- **Problem to work on**
For this exercise, copy all the data exactly and include none of the pictures.

- **Dataset excerpt**
· · ·
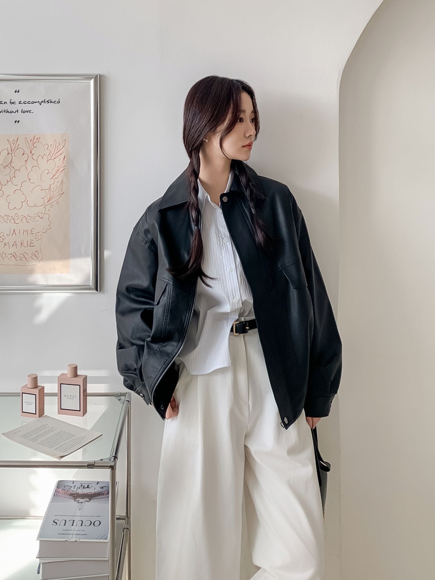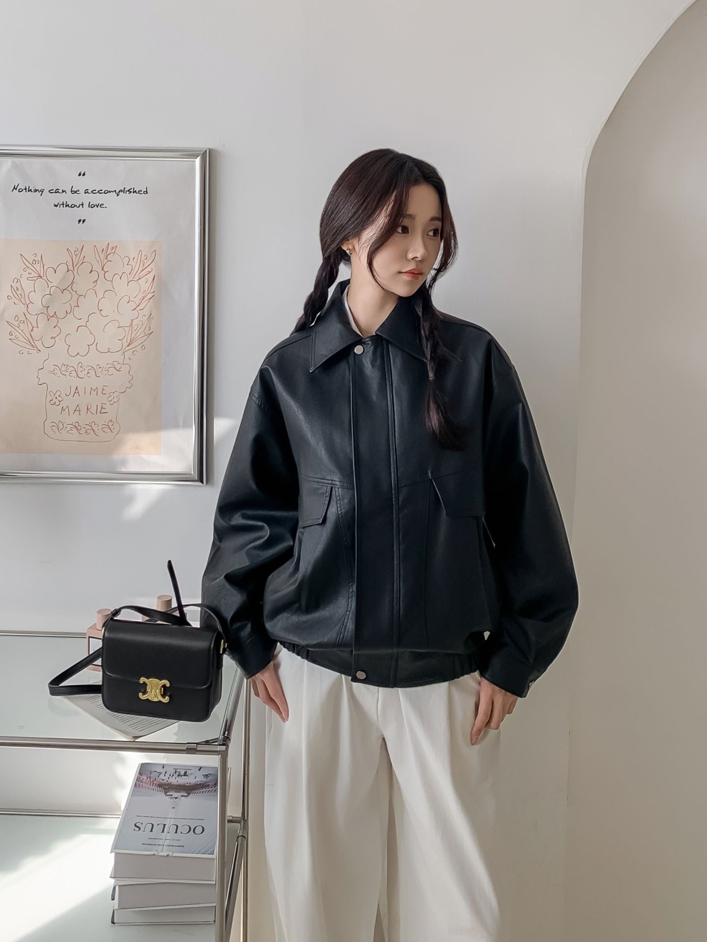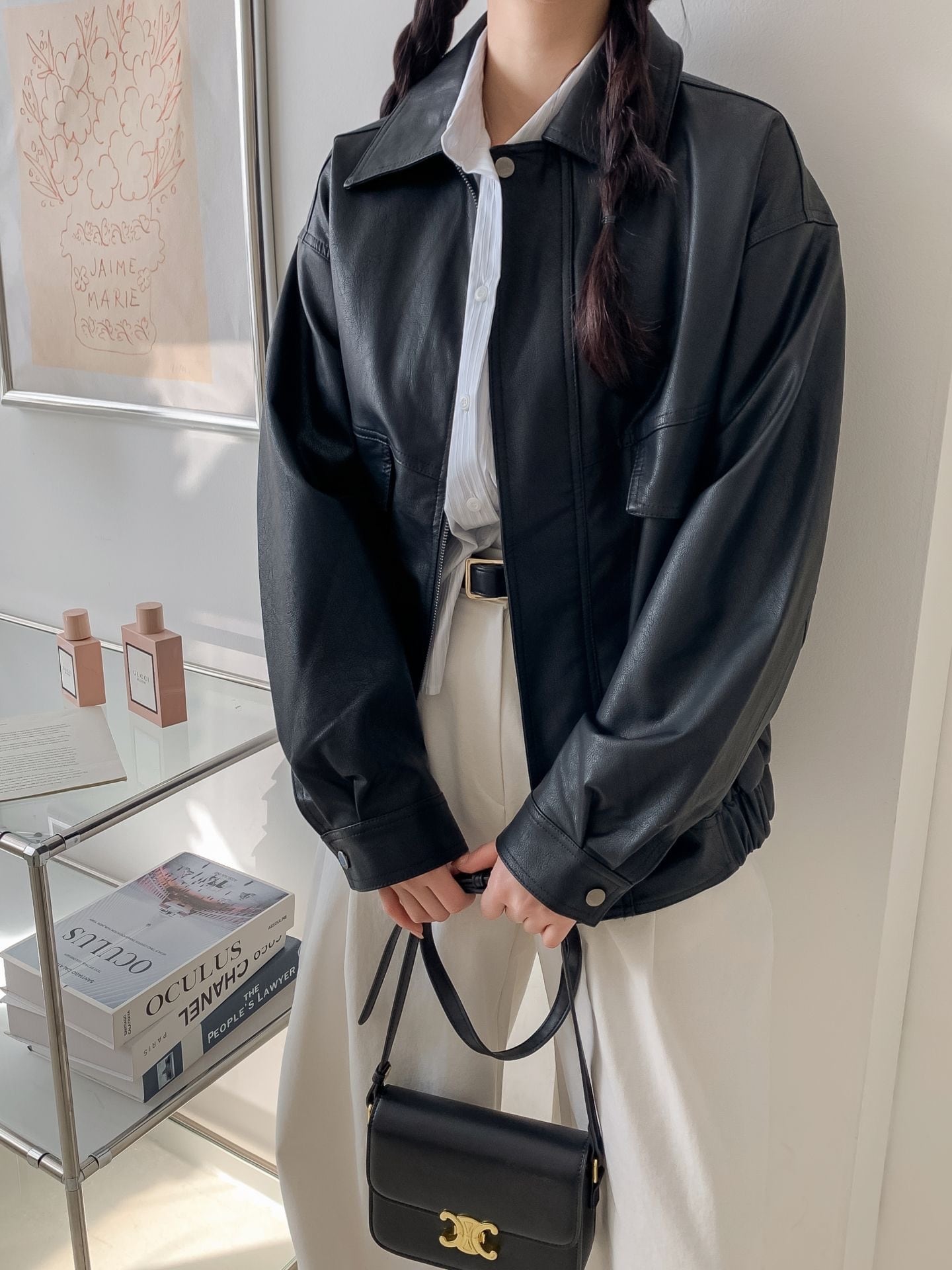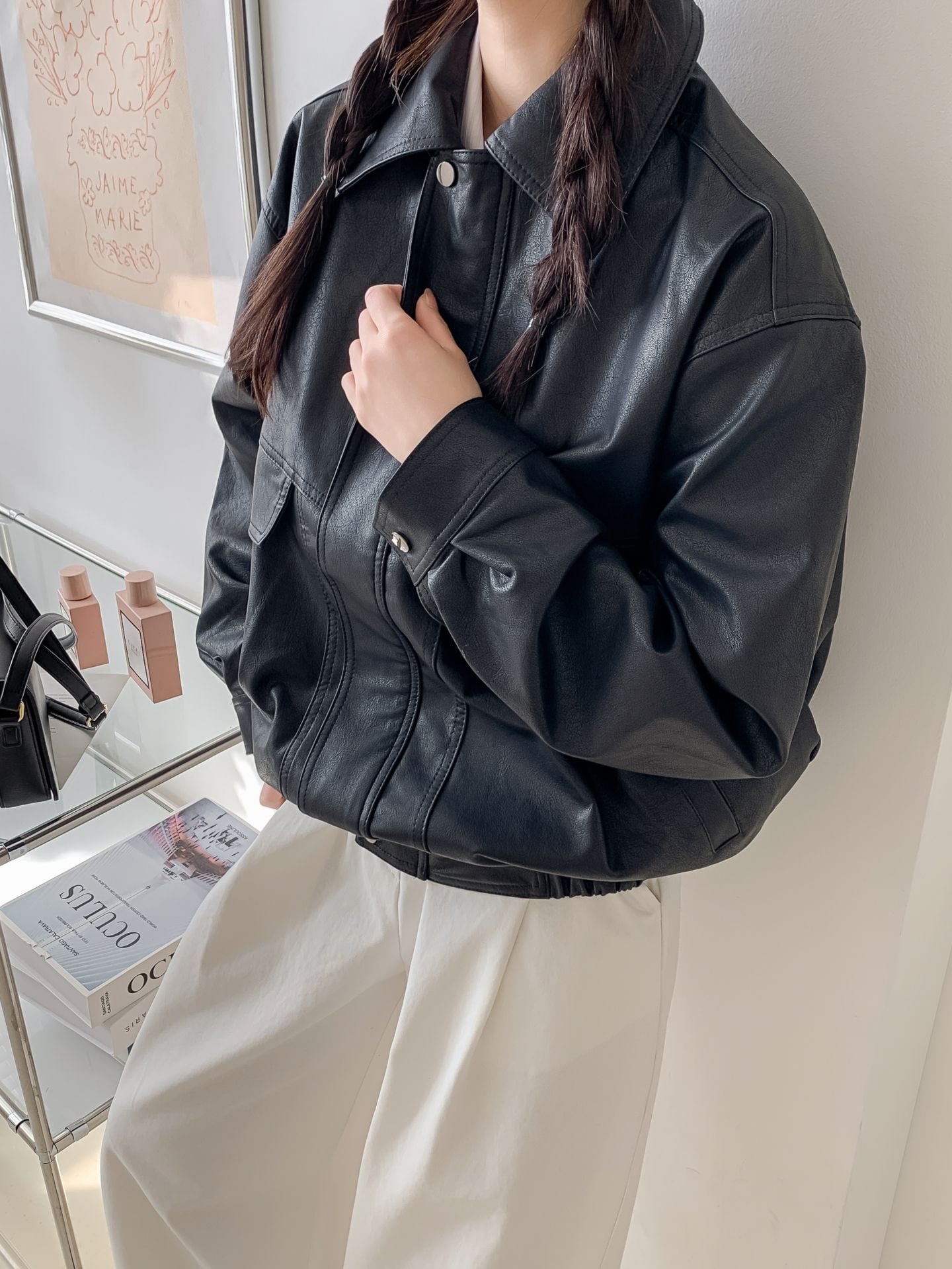 シンプルでこなれ感のあるデザインが魅力のフェイクレザージャケット。
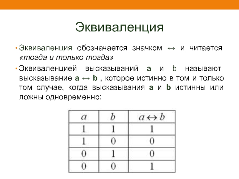 которое истинно в том и только том случае, когда высказывания a и b истинны или ложны одновременно:
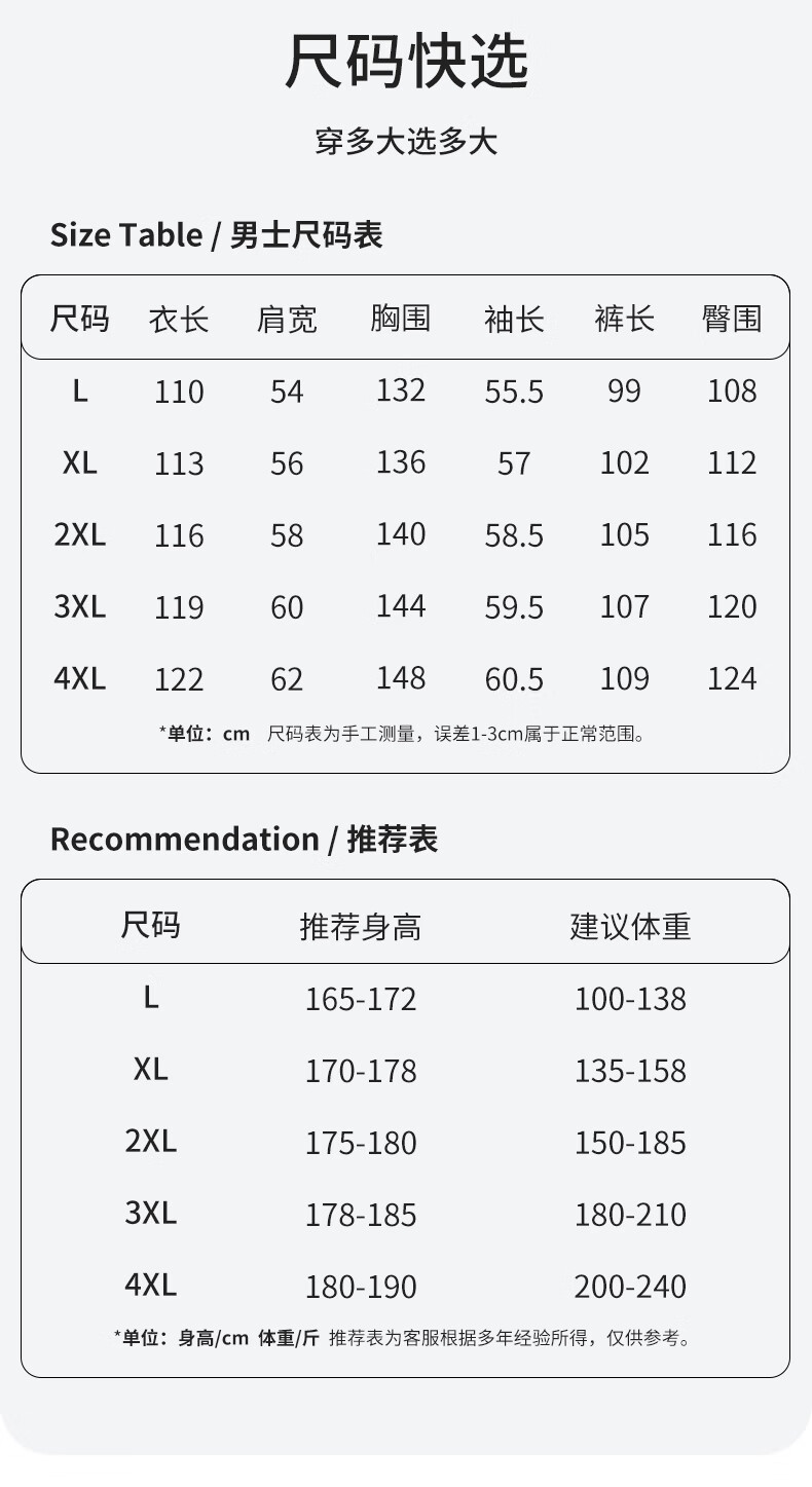 China (cm) 160-165/84-86 165-170 / 88-90 167-172 / 92-96 168-173 / 98-102 170-176 / 106-110
· · ·
- **Completed exercise**
 シンプルでこなれ感のあるデザインが魅力のフェイクレザージャケット。
 которое истинно в том и только том случае, когда высказывания a и b истинны или ложны одновременно:
 China (cm) 160-165/84-86 165-170 / 88-90 167-172 / 92-96 168-173 / 98-102 170-176 / 106-110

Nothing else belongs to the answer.